## [Work order]
Lower down are entries containing pictures. Copy exactly, without those pictures, the lines from the line with "Vegetable salad can" through the line with "Αυτοί που θα".

*** Opening of Data under study ***

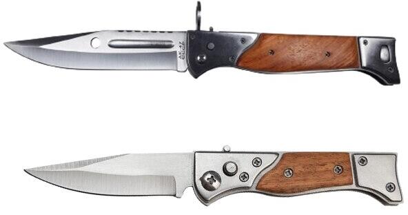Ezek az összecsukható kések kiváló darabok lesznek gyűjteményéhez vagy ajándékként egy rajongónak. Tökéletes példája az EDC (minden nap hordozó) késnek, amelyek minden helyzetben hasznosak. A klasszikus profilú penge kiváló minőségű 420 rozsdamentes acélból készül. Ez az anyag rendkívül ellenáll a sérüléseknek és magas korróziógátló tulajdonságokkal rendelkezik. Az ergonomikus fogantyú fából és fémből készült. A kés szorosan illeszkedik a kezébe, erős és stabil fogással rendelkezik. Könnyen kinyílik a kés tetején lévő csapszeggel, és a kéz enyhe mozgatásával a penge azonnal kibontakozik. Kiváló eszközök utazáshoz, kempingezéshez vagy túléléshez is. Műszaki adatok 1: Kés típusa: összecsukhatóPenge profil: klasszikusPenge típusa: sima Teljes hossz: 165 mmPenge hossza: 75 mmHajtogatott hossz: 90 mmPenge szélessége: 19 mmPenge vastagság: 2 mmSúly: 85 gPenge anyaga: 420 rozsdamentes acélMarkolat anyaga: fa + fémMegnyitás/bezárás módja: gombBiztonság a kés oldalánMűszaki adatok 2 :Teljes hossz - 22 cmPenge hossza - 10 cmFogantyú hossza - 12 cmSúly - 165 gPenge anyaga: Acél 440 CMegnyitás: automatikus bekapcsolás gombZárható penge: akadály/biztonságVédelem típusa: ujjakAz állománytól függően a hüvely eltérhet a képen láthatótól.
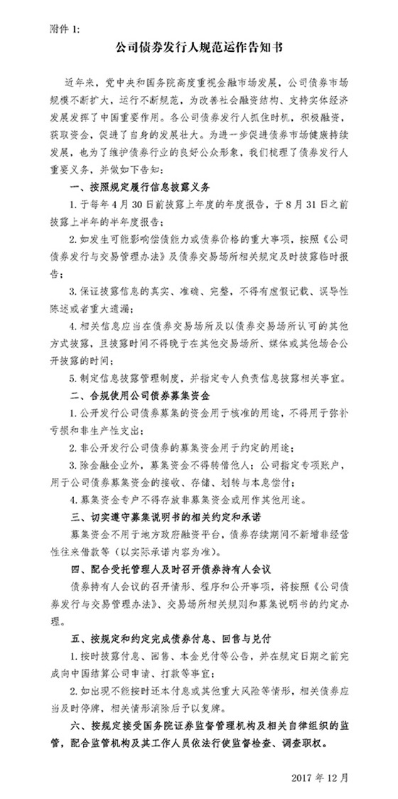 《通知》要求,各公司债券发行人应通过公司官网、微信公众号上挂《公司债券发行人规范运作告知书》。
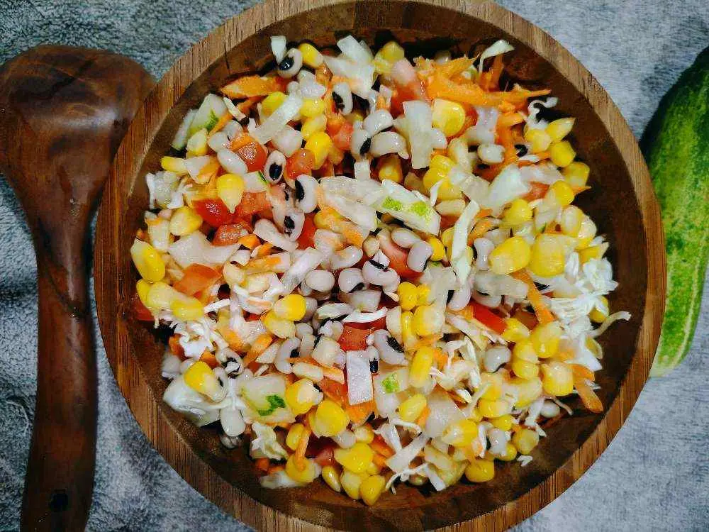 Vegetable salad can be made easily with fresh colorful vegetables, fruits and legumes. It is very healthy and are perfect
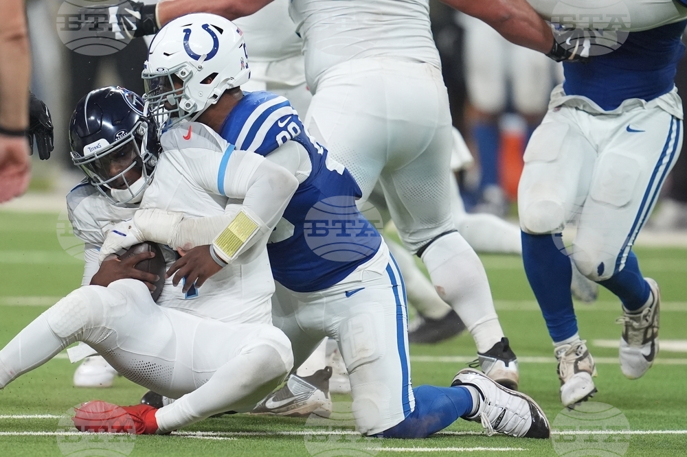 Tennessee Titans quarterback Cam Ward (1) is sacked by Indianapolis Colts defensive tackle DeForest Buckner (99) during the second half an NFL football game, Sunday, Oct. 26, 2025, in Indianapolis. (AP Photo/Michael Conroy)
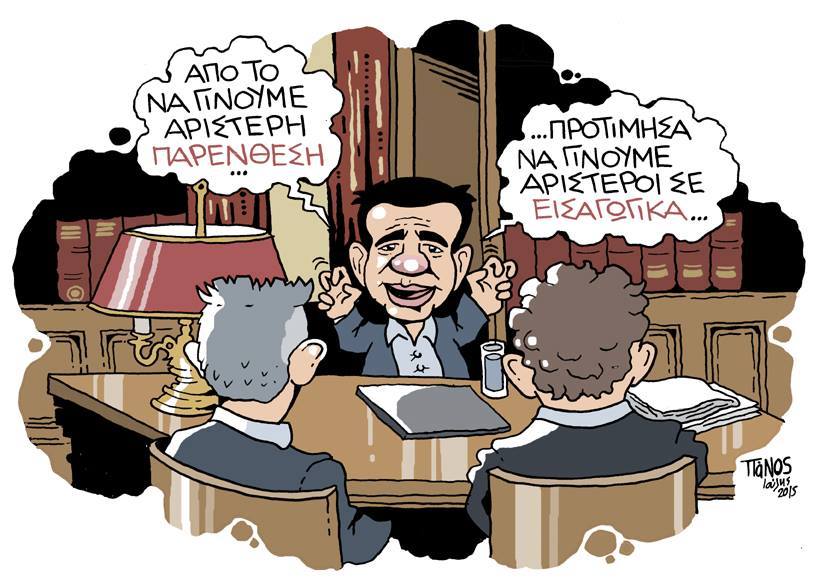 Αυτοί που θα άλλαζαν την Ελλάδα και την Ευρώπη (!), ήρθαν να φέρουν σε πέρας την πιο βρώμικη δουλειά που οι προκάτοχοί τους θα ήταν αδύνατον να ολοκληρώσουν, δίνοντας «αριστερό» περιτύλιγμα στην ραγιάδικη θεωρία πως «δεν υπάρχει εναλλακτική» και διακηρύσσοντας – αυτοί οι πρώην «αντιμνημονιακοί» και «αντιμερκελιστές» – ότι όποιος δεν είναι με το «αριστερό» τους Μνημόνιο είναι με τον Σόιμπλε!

*** Close of Data under study ***
*** Opening of Data under study ***

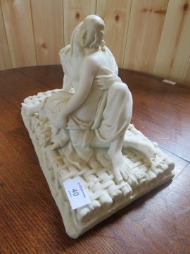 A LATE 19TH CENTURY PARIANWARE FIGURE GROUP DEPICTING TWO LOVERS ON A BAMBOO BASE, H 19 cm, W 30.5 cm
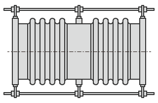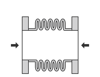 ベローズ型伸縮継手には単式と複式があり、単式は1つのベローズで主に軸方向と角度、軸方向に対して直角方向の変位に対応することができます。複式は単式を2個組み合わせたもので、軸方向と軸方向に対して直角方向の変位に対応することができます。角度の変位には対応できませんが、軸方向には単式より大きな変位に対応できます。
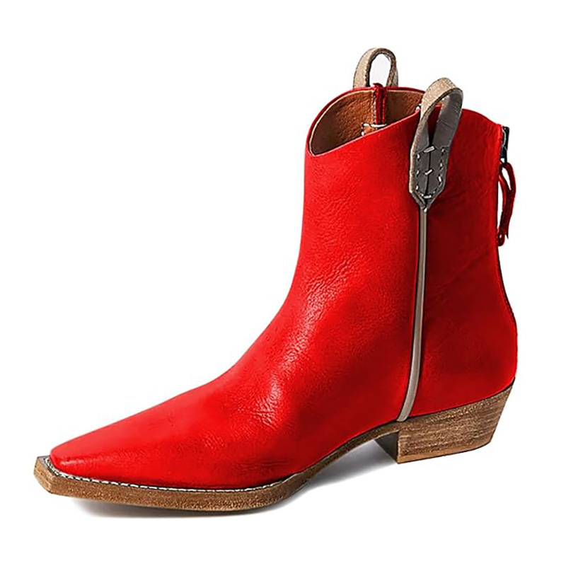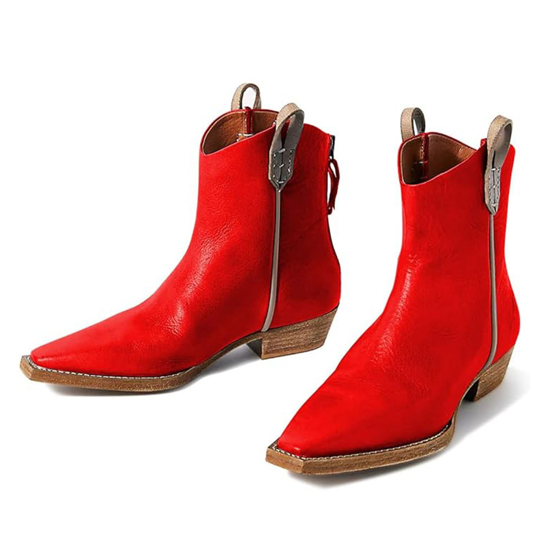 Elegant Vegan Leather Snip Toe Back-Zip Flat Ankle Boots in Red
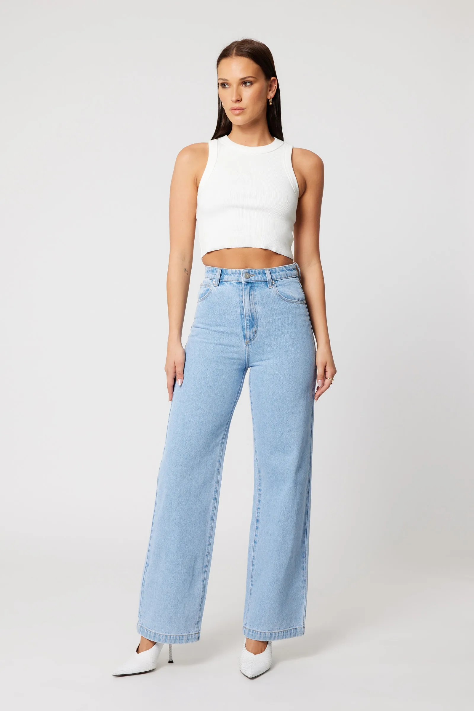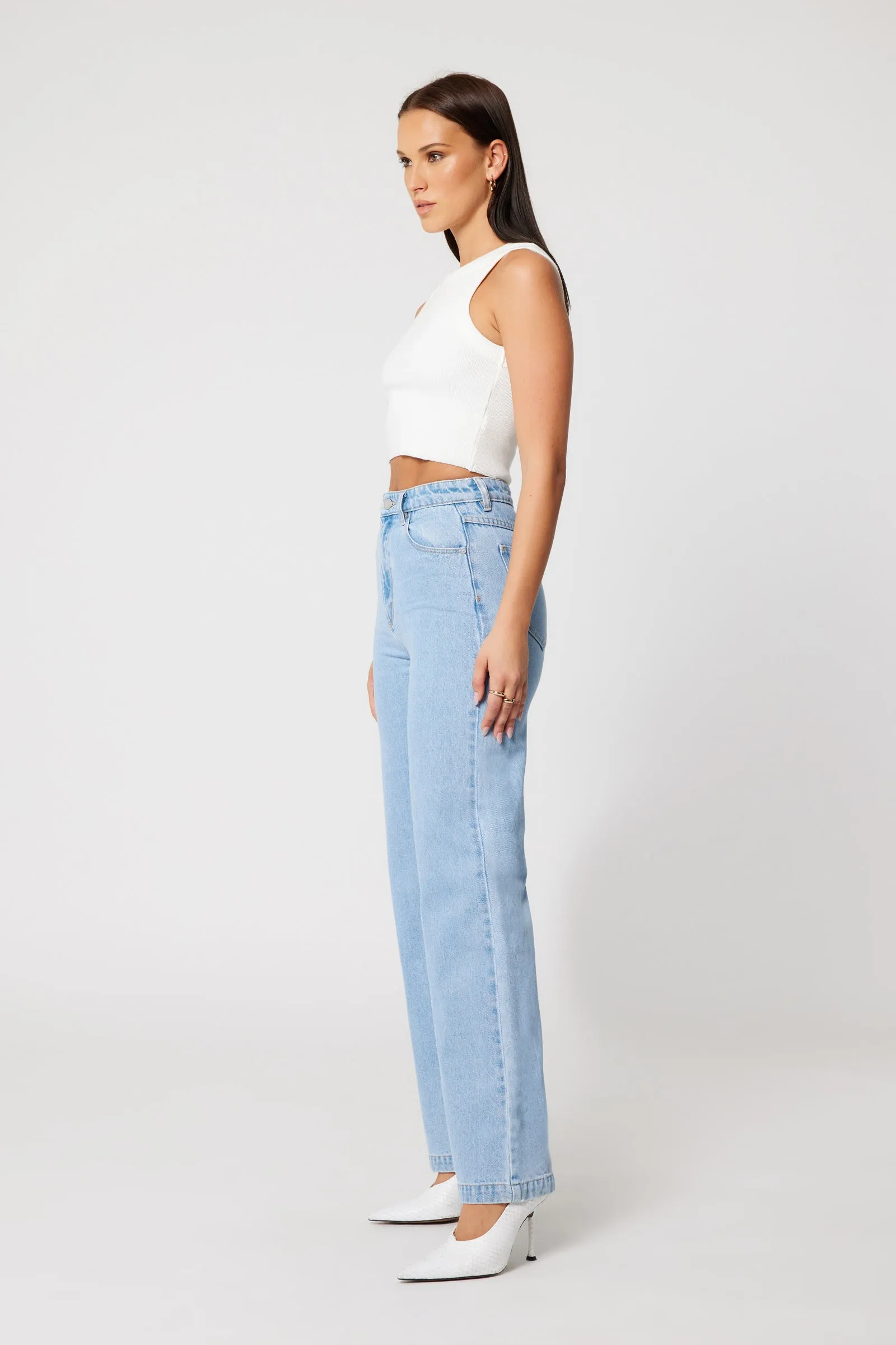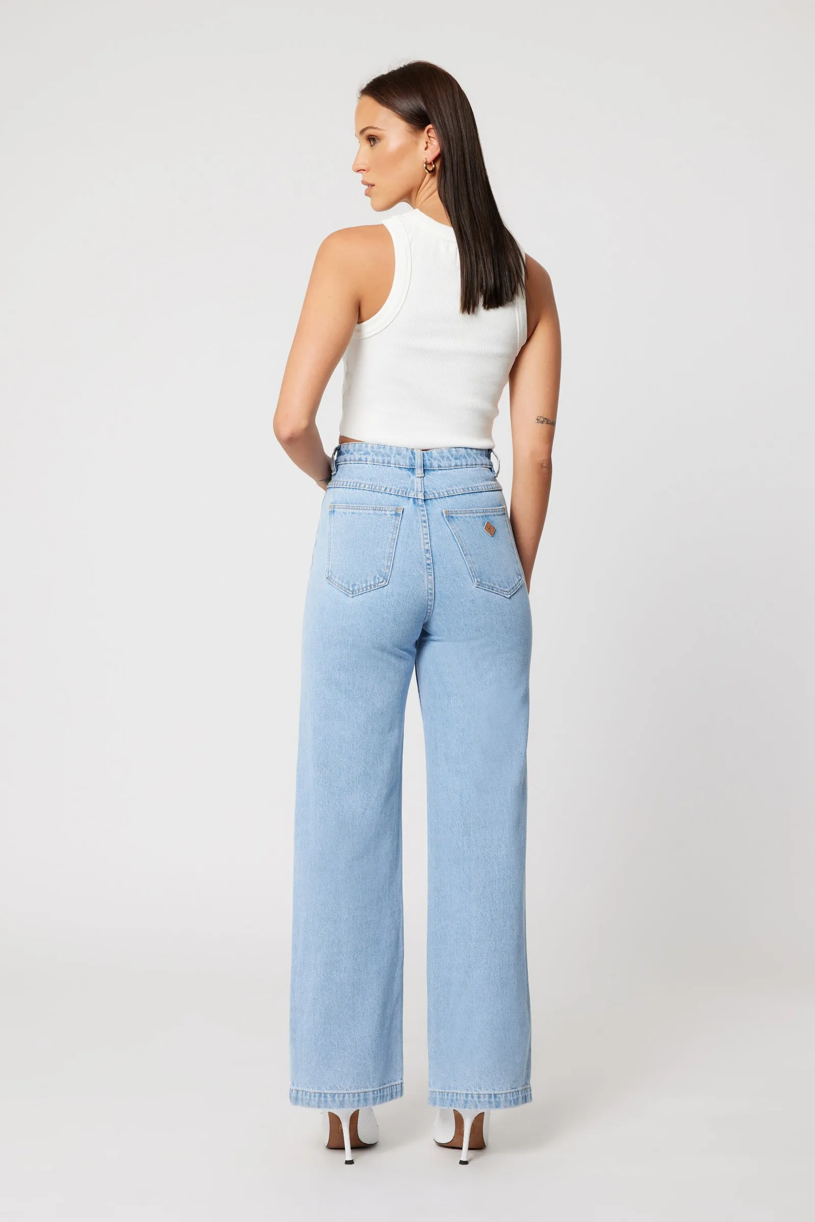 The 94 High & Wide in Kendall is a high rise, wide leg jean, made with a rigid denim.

*** Close of Data under study ***

## [Answer space]
 Vegetable salad can be made easily with fresh colorful vegetables, fruits and legumes. It is very healthy and are perfect
 Tennessee Titans quarterback Cam Ward (1) is sacked by Indianapolis Colts defensive tackle DeForest Buckner (99) during the second half an NFL football game, Sunday, Oct. 26, 2025, in Indianapolis. (AP Photo/Michael Conroy)
 Αυτοί που θα άλλαζαν την Ελλάδα και την Ευρώπη (!), ήρθαν να φέρουν σε πέρας την πιο βρώμικη δουλειά που οι προκάτοχοί τους θα ήταν αδύνατον να ολοκληρώσουν, δίνοντας «αριστερό» περιτύλιγμα στην ραγιάδικη θεωρία πως «δεν υπάρχει εναλλακτική» και διακηρύσσοντας – αυτοί οι πρώην «αντιμνημονιακοί» και «αντιμερκελιστές» – ότι όποιος δεν είναι με το «αριστερό» τους Μνημόνιο είναι με τον Σόιμπλε!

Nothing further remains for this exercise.